I discovered Insert with multiple rows, tried insert 250k lines each line a insert command in a remote database it will take 5 days hahaha. With one insert and 250k rows it took < 5 mins.

Dian Fay • Jan 13 '18

I stopped the line at a major North American steel producer for the better part of a day.

marcellothearcane • Nov 22 '18

But how?

Dian Fay • Nov 22 '18

It's been over ten years and I don't remember the exact details. It probably had something to do with the fact that I was very much still learning basic SQL (at a co-op/internship kind of thing) and the company didn't have any kind of process controls for pushing to production until very shortly afterward.

Anthony Orona • Feb 22 '20

Haha that reminds me of my mess-up at my internship. I was working on my first big feature and iteratively pushing code into the master branch as I learned. My code was tagged for release and deployed to production with bugs like links not working properly etc. Not that big of a deal but really embarrassing for me.

Vaidehi Joshi • Jan 13 '18

I wrote a database migration to add a column and was as happy as a clam! I deployed it to production and thought everything would be fine.

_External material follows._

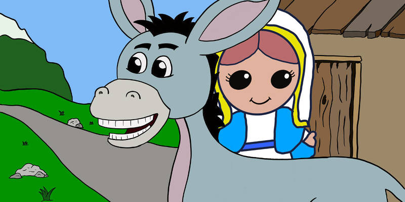 „Ich heiße Maria. Ich bekomme bald ein Baby. Es ist mein erstes Kind und ich bin schon sehr aufgeregt. Der Weg nach Bethlehem ist sehr beschwerlich für mich. Gott sei Dank hat Josef einen Esel organisiert, der mich tragen kann. Immer wieder muss ich über meinen Traum vom Engel Gabriel nachdenken. Er meinte, dass mein Kind etwas ganz Besonderes wäre. Da bin ich aber sehr erschrocken. Wie kann das sein?

Five minutes later I realize that my migration also involved updating every single user record and the database is locked and no one can access prod and OOPS 🙈

Vaidehi Joshi • Jan 13 '18

PS. You all did a great job handling the downtime ❤️

Ben Halpern • Jan 13 '18

Shalvah • Mar 21 '18

Yasss! I did this too. 😂😂

Evan Plaice • Jan 13 '18

Network communication bug on a custom ping-pong handshake protocol caused by stale state in an array overflow.

For a little perspective. I was writing a graphical multi-touchscreen front-end for a 80's era commercial flight simulator. The sim host ran a early 80s era realtime AIX environment. Booting the damn thing took about 15 minutes and involved following a 'bootstrap loader' procedure whereby you'd have to fat-finger the boot instructions into a keypad in hexadecimal. Ethernet networking didn't exist when it was built so we had to have an ethernet card custom built. On the software end we were working with an AIX specialist from the UK who designed the protocol, implemented a bare bones ethernet driver, and provided a client/server implementation on the host end.

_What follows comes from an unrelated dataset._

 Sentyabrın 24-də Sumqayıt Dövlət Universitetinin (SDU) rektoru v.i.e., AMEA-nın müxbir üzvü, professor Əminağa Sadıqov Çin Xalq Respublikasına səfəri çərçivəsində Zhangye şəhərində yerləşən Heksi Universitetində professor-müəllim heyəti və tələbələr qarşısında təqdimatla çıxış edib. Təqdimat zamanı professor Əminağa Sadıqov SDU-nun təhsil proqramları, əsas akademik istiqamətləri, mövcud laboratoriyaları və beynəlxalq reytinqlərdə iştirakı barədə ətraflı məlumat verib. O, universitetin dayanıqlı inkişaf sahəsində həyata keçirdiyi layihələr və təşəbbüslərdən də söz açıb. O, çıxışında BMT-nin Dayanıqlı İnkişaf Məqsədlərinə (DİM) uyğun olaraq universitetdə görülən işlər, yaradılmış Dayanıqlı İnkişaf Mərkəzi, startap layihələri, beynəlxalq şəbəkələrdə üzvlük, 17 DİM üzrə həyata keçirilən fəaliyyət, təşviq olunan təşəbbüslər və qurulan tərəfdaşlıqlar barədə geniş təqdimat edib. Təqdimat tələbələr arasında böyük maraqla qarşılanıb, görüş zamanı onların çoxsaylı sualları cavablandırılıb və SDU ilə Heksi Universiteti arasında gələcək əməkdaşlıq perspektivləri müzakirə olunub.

Our AIX guy had done this before on other similar machines but it was my first journey into networking programming. I wouldn't have physical access to the host until integration so the AIX guy gave me a mini client/server simulator app written in C that I could train my client/server implementation against.

My end was entirely written in C#, where trying to do layer-2 networking is difficult enough. Either way, I found a PCAP wrapper (ie SharpPcap)to hack together a networking protocol, translated a floating point format converter (Ie the host didn't use IEEE 754) from C, reverse engineered a raw dump of the symbol table and loaded it into a DB, etc...

Integration finally came and I was a nervous wreck. We had 7 full days of downtime to make the changes, including ripping out the old hardware (ie ray-tracing displays + 100+ buttons) and replacing it with the new (3 touch screens). Flight simulators are the backbone of an airline, pilots who can't keep up with the FAA requirements for required training are grounded until they can. Therefore, flight simulators typically operate 20 hours/day, 7 days/week. Downtime beyond our scheduled window was not an option.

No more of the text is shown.